He led the world in WAR yet again, with a 10.55, a whole point higher than the runner-up, Mookie Betts. Mike Trout was the most valuable player in baseball. Why should excelling for a good team be any more important than excelling for a bad one?

It shouldn’t. Trout’s value did not diminish, even long after the Angels were out of contention. He took the field everyday with one thing on his mind, winning. And that’s what he did every game by giving his all and doing everything possible to allow his team to win the game. 

Trout’s “all” was far better than any other player in baseball, does the value of the rest of the team affect Trout’s? I don’t think so. Put Mike Trout on any other team and he will do what he does everyday.
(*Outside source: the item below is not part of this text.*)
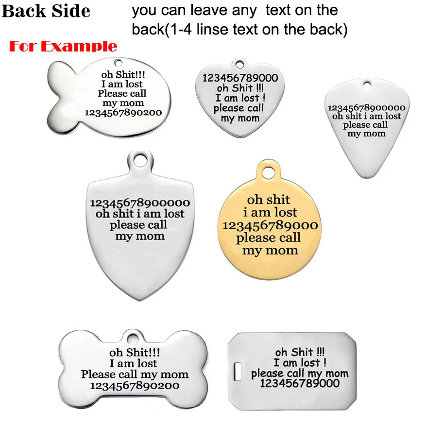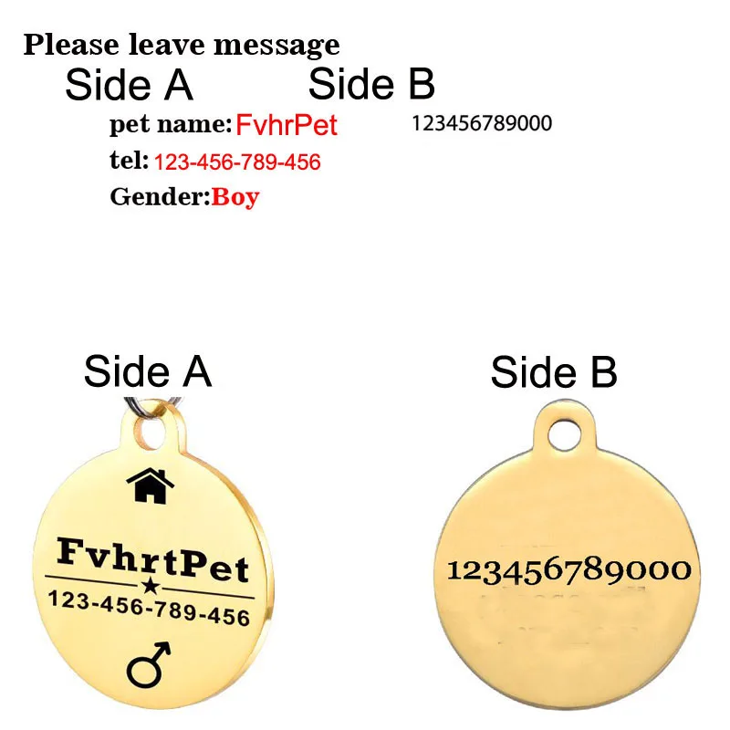 Front Side:Pet Name AND Tel Number AND Pet Gender

He’ll go out there and hit 30 plus homers, knock in 100 runs, steal 30 bases, make ridiculous catches in center, and everything else that makes him the greatest player in the game.
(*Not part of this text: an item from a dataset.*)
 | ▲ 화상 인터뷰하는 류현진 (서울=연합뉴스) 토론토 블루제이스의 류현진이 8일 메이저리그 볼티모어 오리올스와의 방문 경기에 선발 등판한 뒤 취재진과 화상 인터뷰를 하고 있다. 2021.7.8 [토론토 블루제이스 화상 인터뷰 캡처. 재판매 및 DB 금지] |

Mike Trout is the most valuable player in baseball, the success of his team does not portray that, nor should it be weighed so heavily in the voting for MVP.
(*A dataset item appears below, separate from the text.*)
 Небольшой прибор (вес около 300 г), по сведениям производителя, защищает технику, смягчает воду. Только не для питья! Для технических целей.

Yet every year, the success of a candidate’s’ team immediately rules out a player’s chances at winning the award. In the last 23 seasons, the MVP award was given to a player from a playoff team 22 times. It’s based off of the logic, “how can a player be most valuable if his team is ten games out of playoff contention?”

The point of baseball is to win games. 74 wins or 98 wins, it doesn’t matter. Wins are wins. Mookie Betts did not single handedly win the Red Sox 19 more games than Trout won for the Angels. Baseball is a team sport, one player cannot win a game on his own. That being said, that one player who gives his team the best chance to win every day deserves the title “most valuable.” That player was Mike Trout.

I believe Trout has been the most valuable player in the American League in each of the last five seasons. Each season he sat in front of a camera at his childhood home in New Jersey, and waited for the analysts on MLB Network to announce who had won the AL MVP award. Before Thursday, his name was called just once in 2014, arguably his worst season.

Now Trout’s “worst season” is far better than the average guy’s best season, but Trout won the award because the Angels won the division that year. The Angels finished fourth in the AL West in 2016, yet the members of the BBWAA got the decision right, and gave the award to the most valuable player in the American League.

If there’s anything to take from this year’s decision, or the snubs that Mike Trout received in the past five, is that there is something wrong with what goes into the voting for these awards. In order for them to not lose their legitimacy, everyone needs to be on the same page.

This means a finer definition of what “most valuable” means. One thing is for sure in my mind, and that’s the fact that Mike Trout is deserving of his second MVP award for his 2016 campaign.